In 1994, there were to be TWO simultaneous anniversary events:

There was a heavily promoted, sanctioned celebration of music taking place over three days in Saugerties, N.Y., about 75 miles northeast from the original 1969 concert site in Bethel, N.Y., in Sullivan County in the Catskills. 

At the same time, we were bracing for tens of thousands of pilgrims to visit the original site in what would be — if history were any guide — a ragtag disorganized gathering of campers, hippies and Woodstock devotees who wanted to keep the spirit of ’69 alive.

In years past, the time leading up to the anniversaries were fraught with tensions between those who wanted to visit and the property owner.

I recall one year the owner spread chicken shit throughout the field to prevent campers from making impromptu pilgrimages to the site, which some consider a shrine or some kind of holy ground.

But in 1994, there was acceptance that the original site would be hosting visitors and the authorities were prepared.

The Times Herald-Record put out special daily editions of Woodstock anniversary coverage in addition to filling content in its main “book” — the daily tabloid.

Most of the teams in Saugerties and Bethel slept in tents, though I seem to recall there was a house we rented in Bethel as well.

Forget laptops and Wi-Fi. We transmitted our stories on Radio Shack TRS-80s and film was couriered back to the main office for processing.

The memories I have of the coverage are more like a loose collection of snapshots than an organized photo album: 

Stories of our late beloved editor Mike Levine raising the roof with his snoring at Saugerties; the muddy mosh pit; my colleagues going for an early-morning swim at the lake at Bethel; the blended haze of smoke from the campfire and marijuana in Bethel and the excitement of being part of such a huge story. 

I recall going to the original concert site ahead of the 25th anniversary gathering to do reporting.

I was interviewing some people and gathering color for a story and when I returned to my car (a blue Ford Escort hatchback) I discovered someone had placed a Woodstock bumper sticker on it!

It depicted the iconic Woodstock dove-and-guitar logo. 

At first, I was pissed.

How dare someone deface my property like that!

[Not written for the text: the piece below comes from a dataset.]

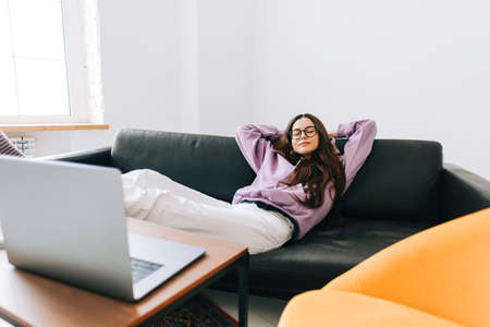Young caucasian woman relaxing on a sofa in front laptop in living room after work.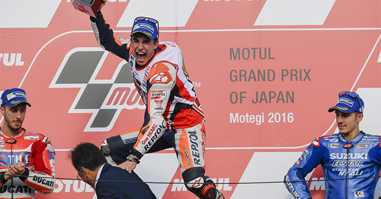 A sus 23 años, Marc Márquez ha conseguido hoy en Japón su tercer título de MotoGP, el quinto campeonato mundial que se apunta en los últimos siete años, un resultado histórico en el Mundial de Motociclismo.

After a short while, I took it in my stride and it became something of a novelty.

It also represented something else: A way to share in something bigger than myself and to not let petty grievances get in the way of what I am sure was not some act of low-level vandalism but a goodwill gesture meant to spread peace and love.

It was a reminder not so much of the concert per se, but of a sentiment that — like those concert-goers of so many years ago who needed fresh clothing, shelter, food or just help — we can be our brother’s keeper.

At a time when the world feels like it’s spinning off its axis, I could do with having someone slap that bumper sticker on my car again.